What is required:
Omitting the pictures, output all of the records precisely as written.

[Dataset records]
▼

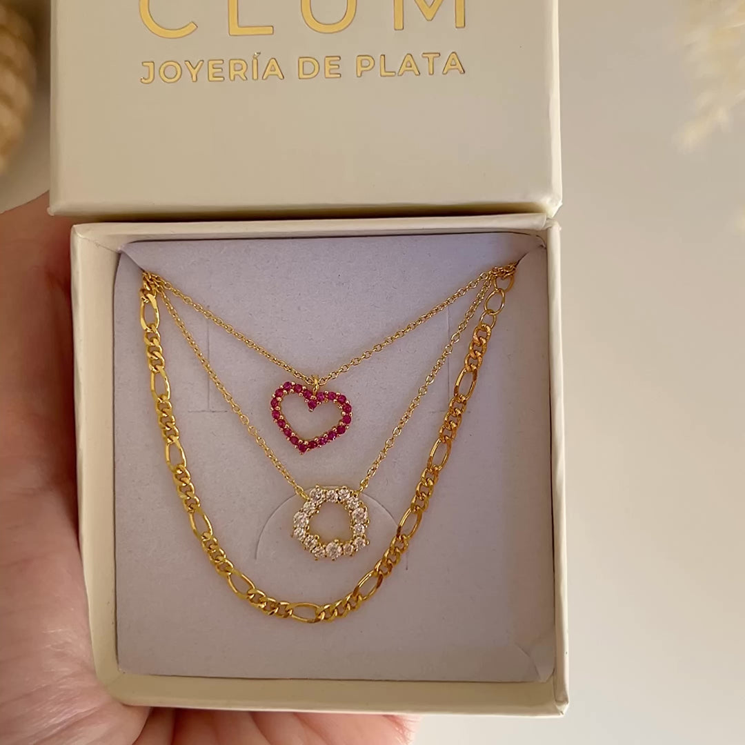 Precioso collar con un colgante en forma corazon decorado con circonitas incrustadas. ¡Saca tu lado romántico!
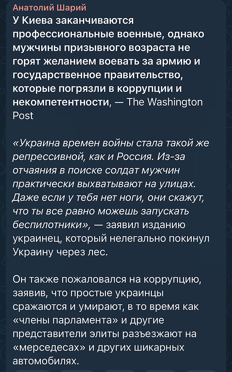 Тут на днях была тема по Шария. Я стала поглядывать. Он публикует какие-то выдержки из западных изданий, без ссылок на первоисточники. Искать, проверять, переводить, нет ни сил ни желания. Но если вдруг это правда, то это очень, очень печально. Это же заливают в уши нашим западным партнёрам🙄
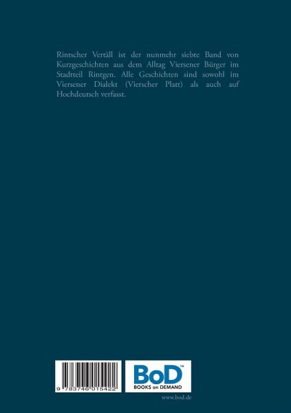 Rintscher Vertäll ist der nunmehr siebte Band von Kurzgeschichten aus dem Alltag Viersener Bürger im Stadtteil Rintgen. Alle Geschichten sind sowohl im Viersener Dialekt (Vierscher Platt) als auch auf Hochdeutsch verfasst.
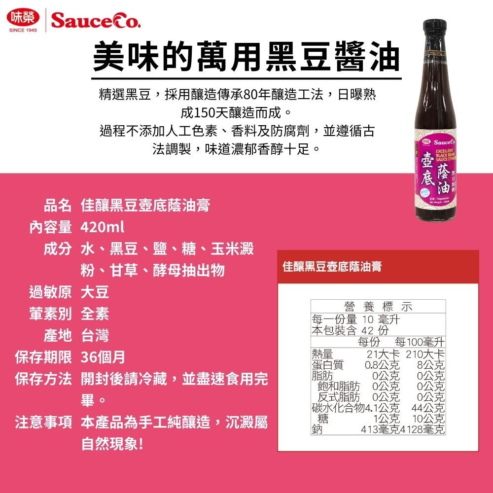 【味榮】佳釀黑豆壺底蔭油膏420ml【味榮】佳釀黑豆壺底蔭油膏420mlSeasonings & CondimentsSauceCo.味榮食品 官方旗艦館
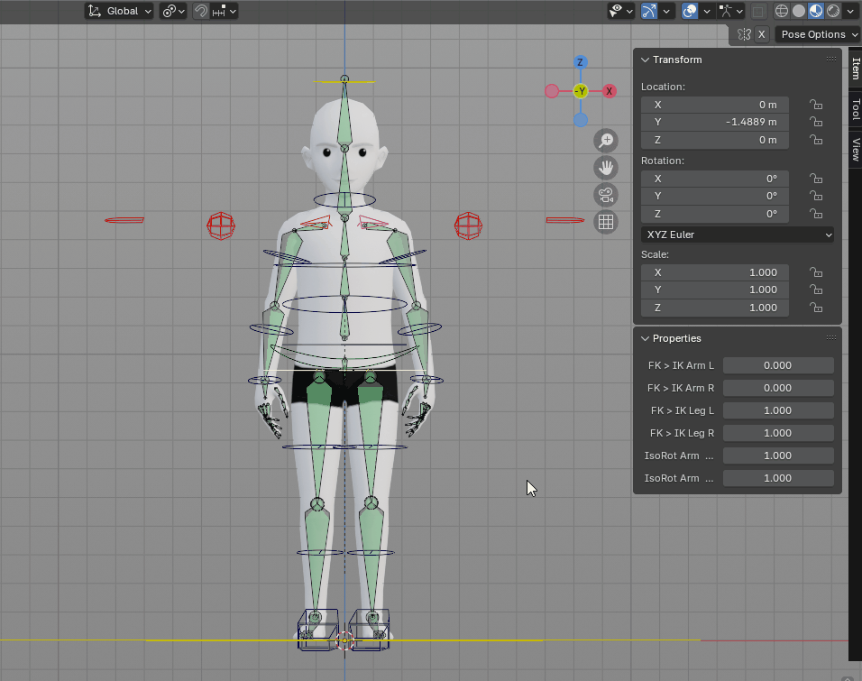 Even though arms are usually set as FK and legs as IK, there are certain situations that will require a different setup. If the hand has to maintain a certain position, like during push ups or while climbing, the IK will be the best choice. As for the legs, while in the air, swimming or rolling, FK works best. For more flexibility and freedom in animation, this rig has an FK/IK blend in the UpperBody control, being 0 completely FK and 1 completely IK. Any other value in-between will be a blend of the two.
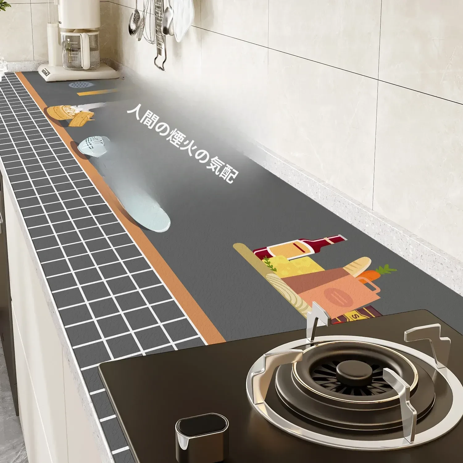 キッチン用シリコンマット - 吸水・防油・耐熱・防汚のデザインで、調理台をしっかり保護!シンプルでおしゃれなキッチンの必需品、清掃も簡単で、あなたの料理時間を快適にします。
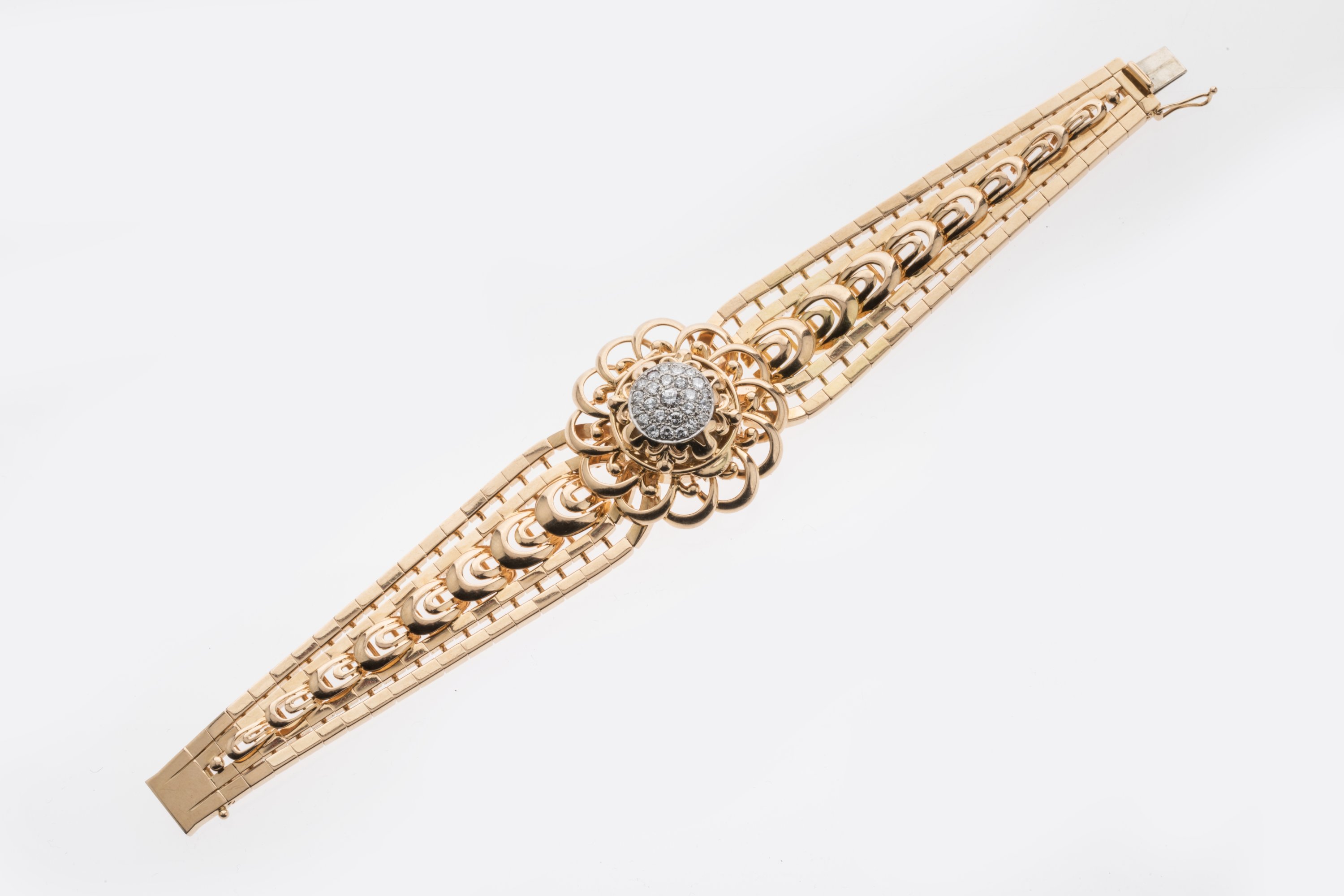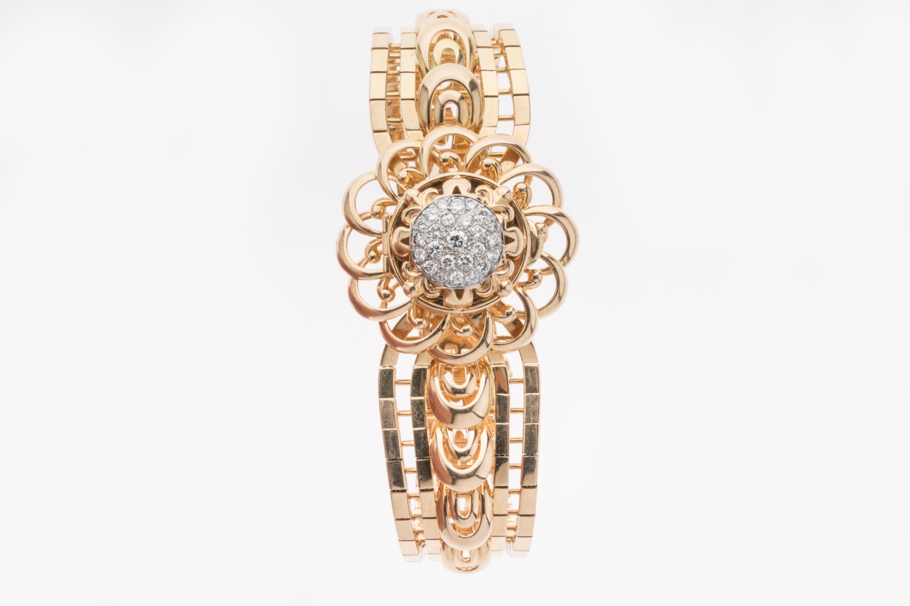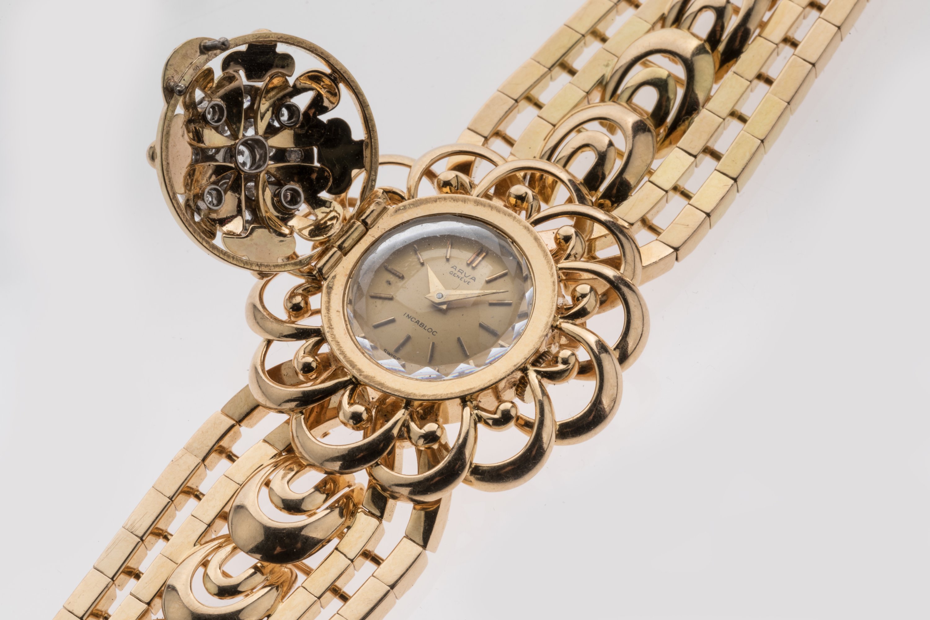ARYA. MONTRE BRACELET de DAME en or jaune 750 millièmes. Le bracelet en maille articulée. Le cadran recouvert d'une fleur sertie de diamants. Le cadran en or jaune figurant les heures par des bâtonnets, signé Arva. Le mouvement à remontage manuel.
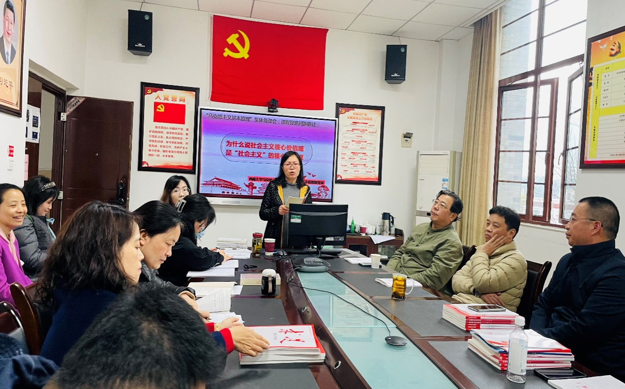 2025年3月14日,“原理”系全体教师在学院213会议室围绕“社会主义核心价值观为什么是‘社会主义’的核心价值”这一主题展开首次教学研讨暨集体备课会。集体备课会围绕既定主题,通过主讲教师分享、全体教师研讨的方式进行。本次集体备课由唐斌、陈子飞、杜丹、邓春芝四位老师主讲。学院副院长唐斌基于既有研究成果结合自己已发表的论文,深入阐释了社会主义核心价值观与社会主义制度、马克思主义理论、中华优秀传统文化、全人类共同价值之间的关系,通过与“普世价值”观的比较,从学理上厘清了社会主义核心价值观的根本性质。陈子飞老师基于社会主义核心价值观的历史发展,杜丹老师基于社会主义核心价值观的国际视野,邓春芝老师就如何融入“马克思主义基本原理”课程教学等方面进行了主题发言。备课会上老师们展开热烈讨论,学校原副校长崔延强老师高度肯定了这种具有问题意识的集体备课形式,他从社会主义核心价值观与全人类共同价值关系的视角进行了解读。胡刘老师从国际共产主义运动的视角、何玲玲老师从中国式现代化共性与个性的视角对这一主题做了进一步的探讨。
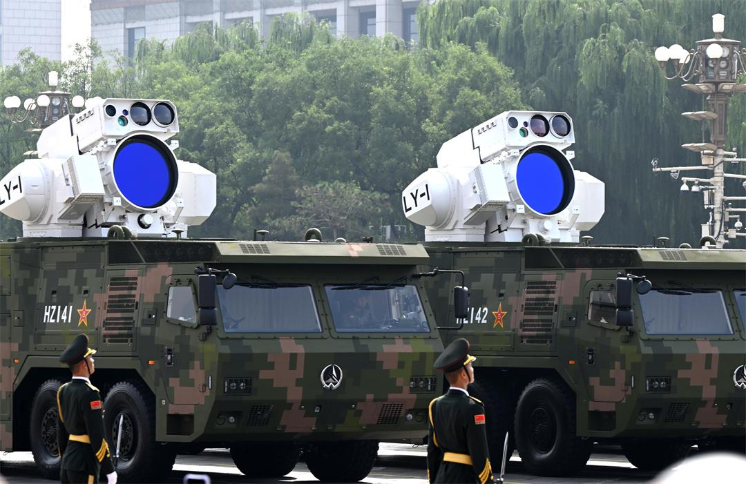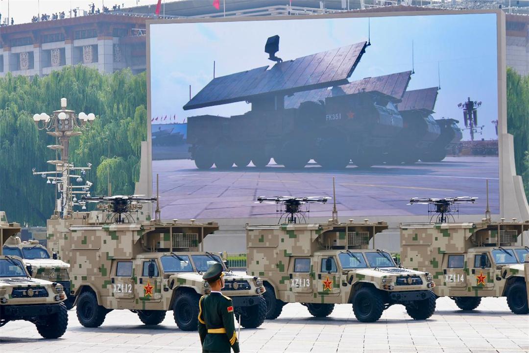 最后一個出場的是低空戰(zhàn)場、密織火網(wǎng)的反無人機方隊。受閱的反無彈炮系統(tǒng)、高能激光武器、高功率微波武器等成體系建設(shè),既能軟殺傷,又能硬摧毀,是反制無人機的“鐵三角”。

▲

Solution to this task:
 Precioso collar con un colgante en forma corazon decorado con circonitas incrustadas. ¡Saca tu lado romántico!
 Тут на днях была тема по Шария. Я стала поглядывать. Он публикует какие-то выдержки из западных изданий, без ссылок на первоисточники. Искать, проверять, переводить, нет ни сил ни желания. Но если вдруг это правда, то это очень, очень печально. Это же заливают в уши нашим западным партнёрам🙄
 Rintscher Vertäll ist der nunmehr siebte Band von Kurzgeschichten aus dem Alltag Viersener Bürger im Stadtteil Rintgen. Alle Geschichten sind sowohl im Viersener Dialekt (Vierscher Platt) als auch auf Hochdeutsch verfasst.
 【味榮】佳釀黑豆壺底蔭油膏420ml【味榮】佳釀黑豆壺底蔭油膏420mlSeasonings & CondimentsSauceCo.味榮食品 官方旗艦館
 Even though arms are usually set as FK and legs as IK, there are certain situations that will require a different setup. If the hand has to maintain a certain position, like during push ups or while climbing, the IK will be the best choice. As for the legs, while in the air, swimming or rolling, FK works best. For more flexibility and freedom in animation, this rig has an FK/IK blend in the UpperBody control, being 0 completely FK and 1 completely IK. Any other value in-between will be a blend of the two.
 キッチン用シリコンマット - 吸水・防油・耐熱・防汚のデザインで、調理台をしっかり保護!シンプルでおしゃれなキッチンの必需品、清掃も簡単で、あなたの料理時間を快適にします。
ARYA. MONTRE BRACELET de DAME en or jaune 750 millièmes. Le bracelet en maille articulée. Le cadran recouvert d'une fleur sertie de diamants. Le cadran en or jaune figurant les heures par des bâtonnets, signé Arva. Le mouvement à remontage manuel.
 2025年3月14日,“原理”系全体教师在学院213会议室围绕“社会主义核心价值观为什么是‘社会主义’的核心价值”这一主题展开首次教学研讨暨集体备课会。集体备课会围绕既定主题,通过主讲教师分享、全体教师研讨的方式进行。本次集体备课由唐斌、陈子飞、杜丹、邓春芝四位老师主讲。学院副院长唐斌基于既有研究成果结合自己已发表的论文,深入阐释了社会主义核心价值观与社会主义制度、马克思主义理论、中华优秀传统文化、全人类共同价值之间的关系,通过与“普世价值”观的比较,从学理上厘清了社会主义核心价值观的根本性质。陈子飞老师基于社会主义核心价值观的历史发展,杜丹老师基于社会主义核心价值观的国际视野,邓春芝老师就如何融入“马克思主义基本原理”课程教学等方面进行了主题发言。备课会上老师们展开热烈讨论,学校原副校长崔延强老师高度肯定了这种具有问题意识的集体备课形式,他从社会主义核心价值观与全人类共同价值关系的视角进行了解读。胡刘老师从国际共产主义运动的视角、何玲玲老师从中国式现代化共性与个性的视角对这一主题做了进一步的探讨。
 最后一個出場的是低空戰(zhàn)場、密織火網(wǎng)的反無人機方隊。受閱的反無彈炮系統(tǒng)、高能激光武器、高功率微波武器等成體系建設(shè),既能軟殺傷,又能硬摧毀,是反制無人機的“鐵三角”。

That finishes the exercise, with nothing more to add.